The most important feature of the new superpower rivalry, increasing the risk of a limited war, is that it will be concentrated in the maritime domain of East Asia and not on the landmass of Europe. During the previous superpower rivalry concentrated on Europe, the United States was inferior to the Soviet Union’s land power. The United States had to rely on nuclear weapons in order to deter and prevent a Soviet attack on Western Europe. There was a high risk that any crisis or conflict could escalate into a major, plausibly nuclear, war. A galloping arms race, severe tension, and profound hostility followed, but Europe remained stable and peaceful.

In contrast to Europe [and the former Soviet Union], none of the United States’ most important allies in East Asia (Japan, South Korea, the Philippines, and Australia) borders China. Instead, water and U.S. naval preponderance protect these allies from China’s formidable land power. Consequently, the United States need not rely on nuclear weapons as heavily as it did in Europe in order to deter China. One might think that this is good for peace and stability, but the temptation of brinkmanship and the risk of war increases when the contenders rely on conventional rather than nuclear deterrence.

A future conflict might erupt in the South China Sea, the East China Sea, or the Taiwan Strait. In any case, the most likely scenario is a limited war constrained to the sea, that would not result in an invasion of China, the United States, or its allies, but would likely result in devastating attacks on the military infrastructure of both sides. If core interests are at stake, decision makers might be willing to risk a limited war or a constrained battle at sea in maritime East Asia, calculating that escalation to a major war is avoidable.

Evaluate current media characterization of U.S.-China relations in a new “Cold War.”

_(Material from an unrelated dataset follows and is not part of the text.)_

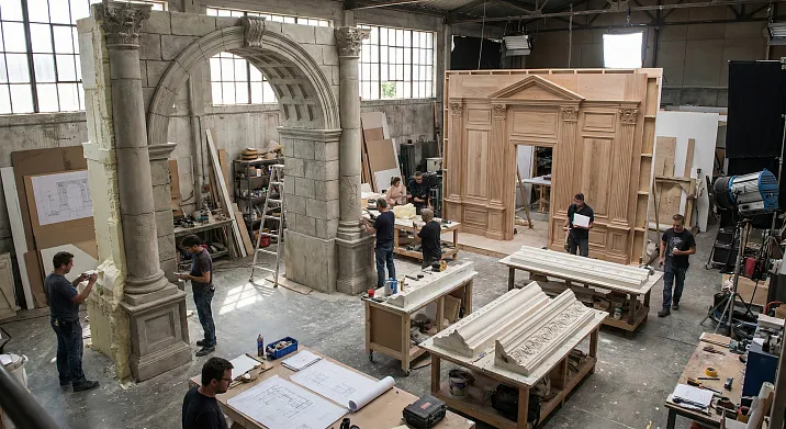 Для фасадных элементов и масштабных архитектурных форм часто используется комбинированный подход: несущий каркас из металла или дерева обшивается легкими панелями, на которые затем монтируются декоративные элементы. Это позволяет создавать декорации для фильма, которые выглядят монументально, но при этом остаются мобильными и относительно легкими в установке.

The “Cold War” analogy neglects the important geopolitical differences between the previous bipolar system concentrated on continental Europe and the current bipolar system concentrated on maritime East Asia. Two additional aspects are also important. First, some observers think that Russia and the United States are in a “new” Cold War. This view is misguided. China’s nominal gross domestic product is about ten times larger than Russia’s and its defense spending roughly four times Russia’s. The only power posing a major challenge to the United States today is China, not Russia.

Second, while the new superpower rivalry contains political, military, strategic, economic, and technological competition, the current era of globalization and economic interdependence is vastly different from the independence and East-West divide of the Cold War era. Together with the geopolitical differences, this will give the new bipolar system different characteristics compared with the Cold War.

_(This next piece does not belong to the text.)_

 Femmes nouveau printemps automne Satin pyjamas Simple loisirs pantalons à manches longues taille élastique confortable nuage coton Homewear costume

Briefly explain how policymakers should understand “geostructural realism.” 

Geostructural realism contends that although it is important whether the international system is bipolar or has some other structure, stability and balancing are heavily affected by geopolitics and the way in which geography affects the two superpowers and their relationship. The features of the previous bipolar system were strong balancing, stability, and strong competition and rivalry at the periphery. The contemporary bipolar system is characterized by moderate balancing, instability, and limited competition and rivalry at the periphery. Geostructural realism accounts for these different structural effects.

What are the U.S. foreign policy implications of geostructural realism with regard to U.S. leadership in the Asia Pacific? 

Since its foundation in 1949, the PRC [People’s Republic of China] has never been more secure along its borders than now. It can therefore concentrate more resources and military capabilities on challenging the U.S. in maritime East Asia. The vastness of the Pacific Ocean, limited geographical space for forward U.S. military presence in East Asia, and large geographical distances between U.S. allies and partners in the region are geostrucutral conditions that will constrain U.S. leadership in a new era of U.S.-China superpower rivalry. The effects of a new bipolar system are likely to polarize international politics and the United States leadership will be more affected by how states adjust to the new superpower rivalry.